Ich bin dann mal weg...

03.02.2016, 14:00 Uhr

Frau Kossendey-Koch plant ihren Urlaub - oder lieber doch nicht? (Foto: eyetronic / Fotolia)

Frau Kossendey-Koch plant ihren Urlaub - oder lieber doch nicht? (Foto: eyetronic / Fotolia)


Bei derart paradisischen Gewinnaussagen wähnte sich Ann-Katrin Kossendey-Koch zunächst im Sterne-Hotel auf Bali. Wenn da nicht die Realität wäre und eine ehrenamtliche Standesvertretung, deren 17 + 17 dringend gegen ein professionelles Team ausgetauscht werden müsste... 
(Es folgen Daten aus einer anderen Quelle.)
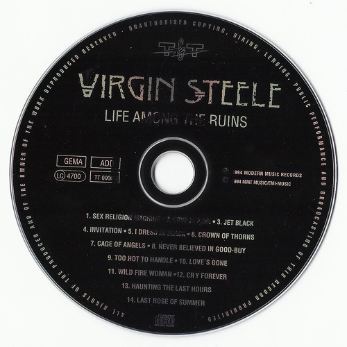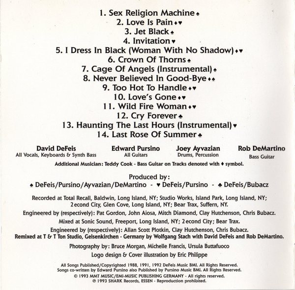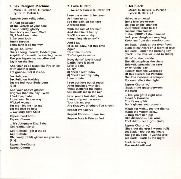 8 page booklet has all lyrics, band and individual photos, thanks and credits.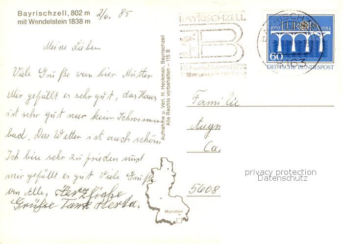 73081025 alte Postkarte Bayrischzell mit Wendelstein postalisch gelaufen Erhaltung siehe scans [LiesaD40] KatCode: 11110009182112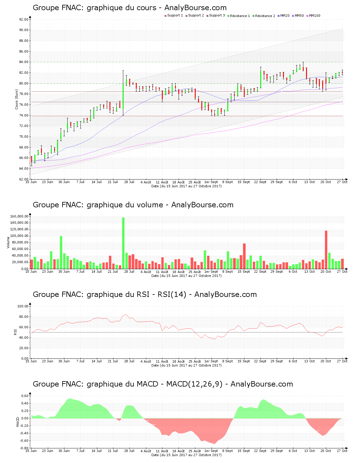 On observe que l’indicateur MACD est en importante croissance ces cinq dernières séances. C’est dorénavant une trajectoire du cours relativement stable que ce dernier indique sur le moyen-court terme. Le MACD a basculé en secteur positif hier, cela pourrait esquisser une amorce d’une évolution croissante à long terme pour Groupe FNAC. Pour sa part, l’action Groupe FNAC dispose d’une moyenne mobile sur vingt jours placée au-delà de sa moyenne mobile sur cinquante jours, qui est quant à elle placée au-delà de sa moyenne mobile sur cent jours. Sur une longue période, l’action enregistre donc un parcours haussier. Enfin, on observe que ces cinq derniers jours de cotations le RSI est en progression. Ce dernier se situe désormais au niveau d’achat.
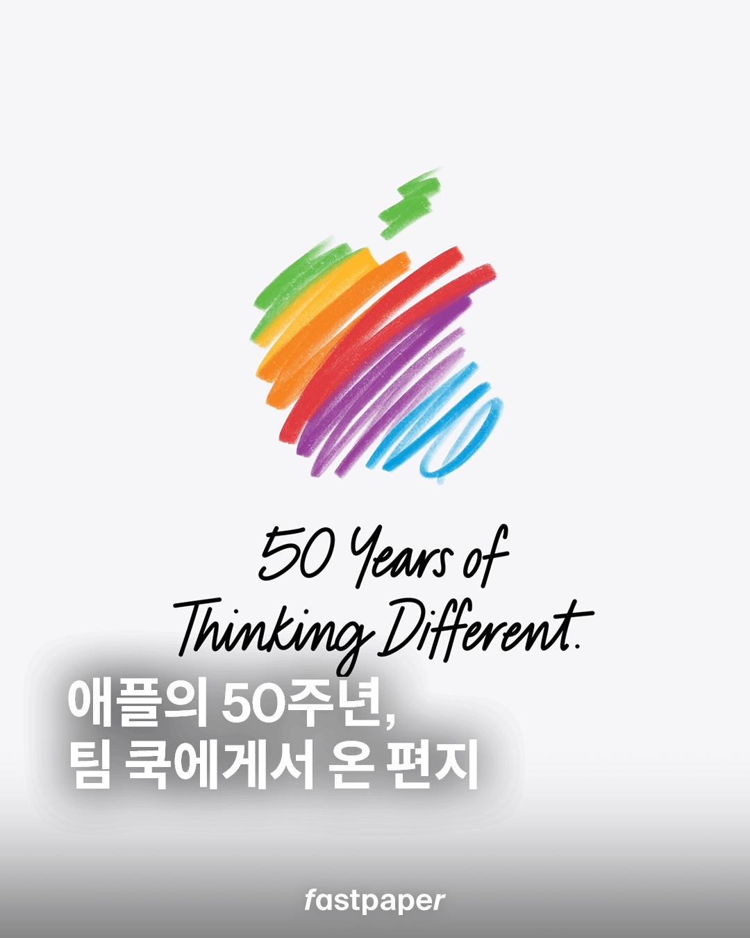 애플의 창립 50주년을 맞아 최고 경영자 팀 쿡이 헌사의 메시지를 담은 편지를 공개했습니다. 편지의 말미에는 애플의 상징적인 ‘Think Different’ 캠페인 문구가 녹아있네요.

Bali? Mauritius? Neuseeland? Ich kann mich gerade nicht entscheiden, wo ich mein Umsatzplus auf den Putz haue. Ich bin noch ganz aufgeregt, da ich es erst vor kurzen aus den Medien erfahren habe. Ich habe „erneut stark vom gestiegenen privaten Konsum profitiert“, um 5 Prozent sind die Arzneimittelausgaben gestiegen. Ich habe das zwar jetzt nicht so direkt im Geldbeutel und auf meinen Konten gemerkt, aber ich bin ja auch Heilberufler und kein BWLer. Da bin ich jetzt zehn Jahre selbstständig und es läuft in unserer Branche besser als jemals zuvor - zwar bergab und rückwärts, aber es läuft.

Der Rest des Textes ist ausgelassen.